METHODS: We conducted a retrospective descriptive study for PwMS presenting to Aga Khan University Hospital, Nairobi from 2008-2018.
RESULTS: 99 cases met the diagnostic criteria for MS with a male to female ratio of 1:4. Majority (68.7%) of PwMS were indigenous Africans with a mean age of onset of 30.7 years. Mean duration from symptom onset to first neuro-imaging was 5.04 years. Only 33% of patients had sensory symptoms at onset whereas 54.5% had vitamin D deficiency/insufficiency. Majority (79.5%) had relapsing remitting MS (RRMS) and 56.6% were initiated on disease modifying therapy (DMT). Only 21.2% of patients on DMT were non-compliant. Patients with RRMS were more likely to be initiated on DMT at our hospital (p < 0.001).
CONCLUSION: Clinical characteristics of these patients largely resemble those of other SSA cohorts and African American patients. There was a delay between symptom onset and neuroimaging. There were also issues with DMT compliance.

Introduction

Multiple Sclerosis (MS) is the leading cause of progressive neurological disability in young adults and has a huge impact on functional and financial aspects of life. It is the most common immune-mediated inflammatory demyelinating disease of the central nervous system (CNS). The prevalence of MS is high in Northern Europe, North America and Australia. Recent data have questioned the conventional thinking of MS being more prevalent at higher latitudes, with rising reports of MS morbidity from regions with previously low prevalence.
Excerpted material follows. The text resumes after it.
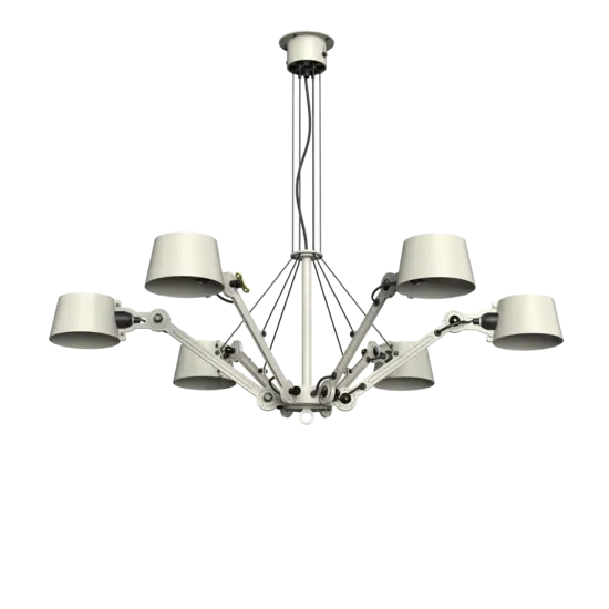 Denne lysekrone fra Tonone har seks justerbare arme i pulverlakeret stål, der giver dig fleksibilitet til at rette lyset præcis, hvor du har brug for det. De åbne skærme sikrer en god lysfordeling i rummet, hvilket skaber en behagelig atmosfære uden hårde skygger.

MS seems to have a different phenotype depending on race. For example, in one study, African Americans were found to experience earlier onset and faster disease progression than white Americans. However, these differences were overestimated when there was no adjustment for socioeconomic factors. There have also been studies demonstrating greater inflammatory activity within the cerebrospinal fluid and more exacerbations in African Americans compared to Caucasian Americans with MS. There is little epidemiological evidence of the MS phenotype in Africa and therefore it is difficult to ascertain whether it would be similar or different to that described in the same racial groups outside Africa.
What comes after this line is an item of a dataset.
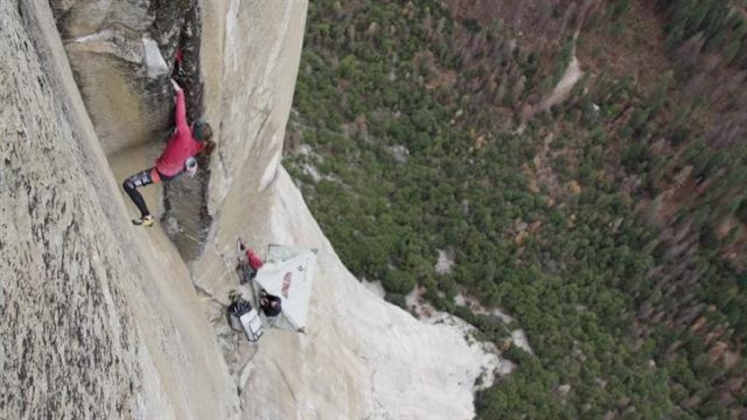 Fast forward back to El Capitan. The summit was tantalizingly close—just 300 feet above. It was now past midnight, and Zangerl was ready to head back down to the portaledge camp to call it a night. Larcher was patiently belaying, holding her weight on the rope as she rested in between attempts. She rested her head against the rock and closed her eyes. She noticed that particular body position felt strangely good. She jolted back into action and tried the move again. By pushing her head against the opposing corner of rock, Zangerl could move her foot. After all that, she had found the most unlikely way.

In Kenya, there have only been 2 published MS case series, totaling 15 patients.[6,7] These patients were mainly female indigenous Africans, and usually presented with visual or sensory disturbances, but otherwise their disease progression and therapeutic interventions were not evaluated. We have previously described 29 MS cases from a diagnostic audit at our centre. We therefore set out to collect all the cases of MS known to our hospital and describe the findings here.

Materials and methods

Study setting

We conducted a descriptive study based on medical records of MS patients from January 2008 to December 2018 at the Aga Khan University Hospital, Nairobi (AKUHN) and other sources from affiliated neurologists (including neurologists in private practice).

The study was approved by the Institutional Ethics Review Board at AKUHN.

Case finding

We identified MS cases through (Figure 1):

Figure 1.

Potential patient identification using sampling steps 1–4.

Medical record coding: our institution uses the International Classification of Diseases (ICD-10) coding system and we applied the G35 heading code for MS and all sub-codes to identify cases.

Pharmacy: we searched for patients who had the following drugs and disease modifying therapies (DMTs) prescribed, which are the only ones available in the country: interferon beta-1a, glatiramer acetate, natalizumab, rituximab, intravenous methylprednisolone (IVMP), and azathioprine.

Laboratory: patients who had ever undergone testing for cerebrospinal fluid oligoclonal bands (CSF OCBs).

Neurophysiology: all patients who had had visual evoked potentials (VEP).

MS databases held by neurologists in the hospital.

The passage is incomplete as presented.